SIGMOD2025

SuSe: Summary Selection for Regular Expression Subsequence Aggregation over Streams

Steven Purtzel, Matthias Weidlich

1 citation

Abstract

Regular expressions (RegEx) are an essential tool for pattern matching over streaming data, e.g., in network and security applications. The evaluation of RegEx queries becomes challenging, though, once subsequences are incorporated, i.e., characters in a sequence may be skipped during matching. Since the number of subsequence matches may grow exponentially in the input length, existing RegEx engines fall short in finding all subsequence matches, especially for queries including Kleene closure. In this paper, we argue that common applications for RegEx queries over streams do not require the enumeration of all distinct matches at any point in time.

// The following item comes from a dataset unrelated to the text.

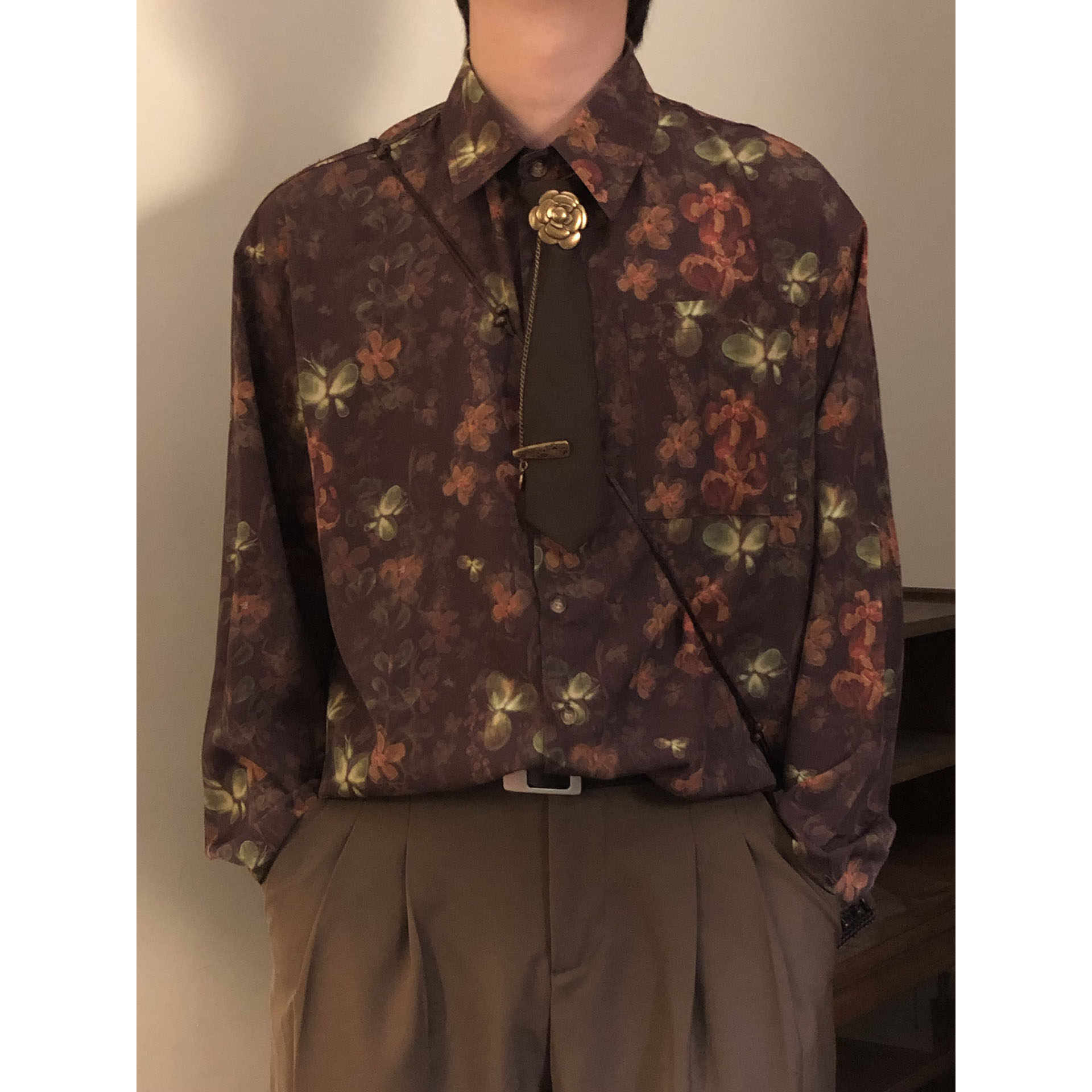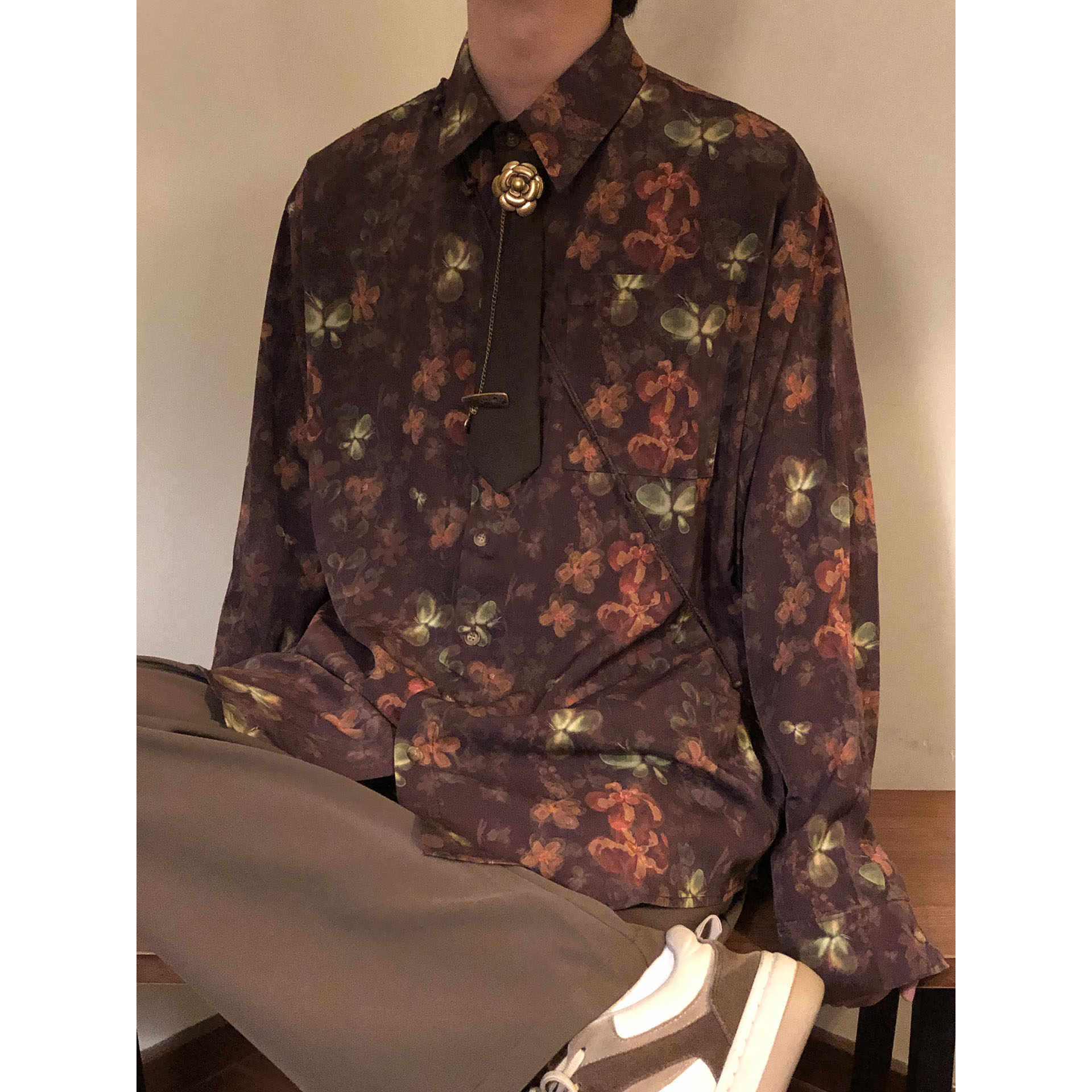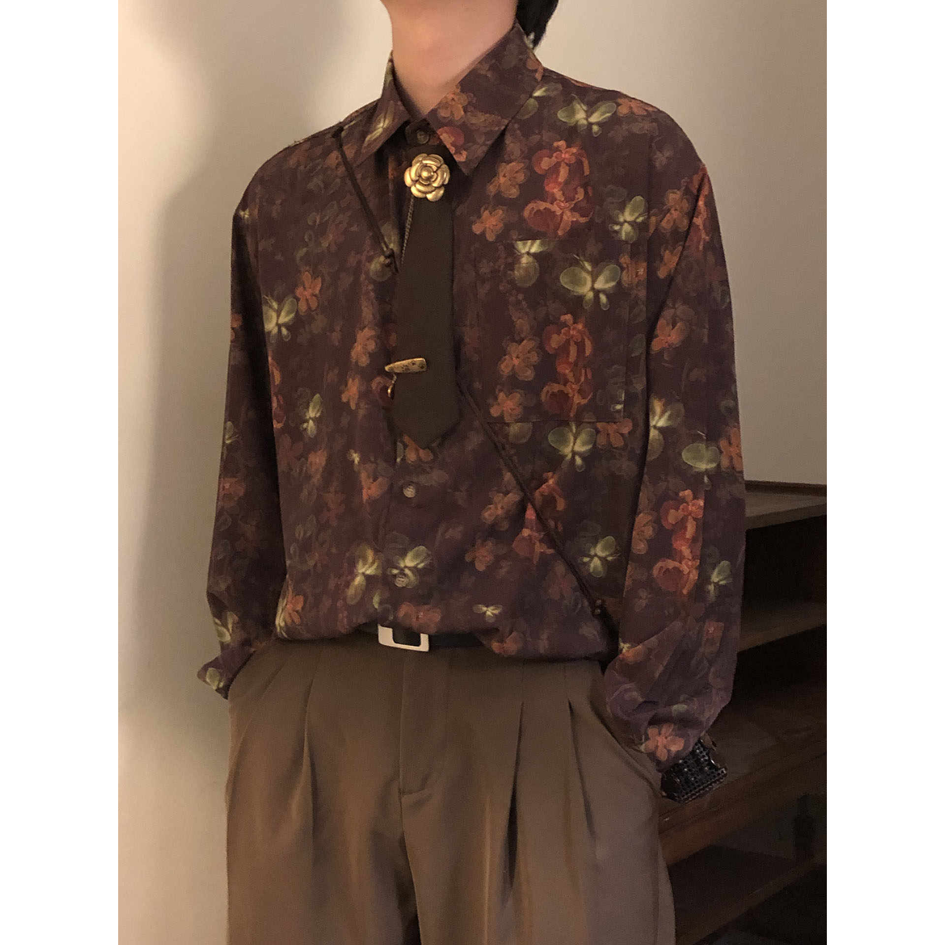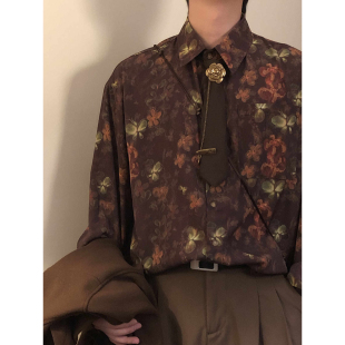 男女宽松度假薄款 衬衫 外套百搭上衣衬衣 日系复古花卉印花长袖 春季

Rather, only an aggregate over the matches is typically fetched at specific, yet unknown time points. To cater for these scenarios, we present SuSe, a novel architecture for RegEx evaluation that is based on a query-specific summary of the stream. It employs a novel data structure, coined StateSummary, to capture aggregated information about subsequence matches. This structure is maintained by a summary selector, which aims at choosing the stream projections that minimize the loss in the aggregation result over time. Experiments on real-world and synthetic data demonstrate that SuSe is both effective and efficient, with the aggregates being based on several orders of magnitude more matches compared to baseline techniques.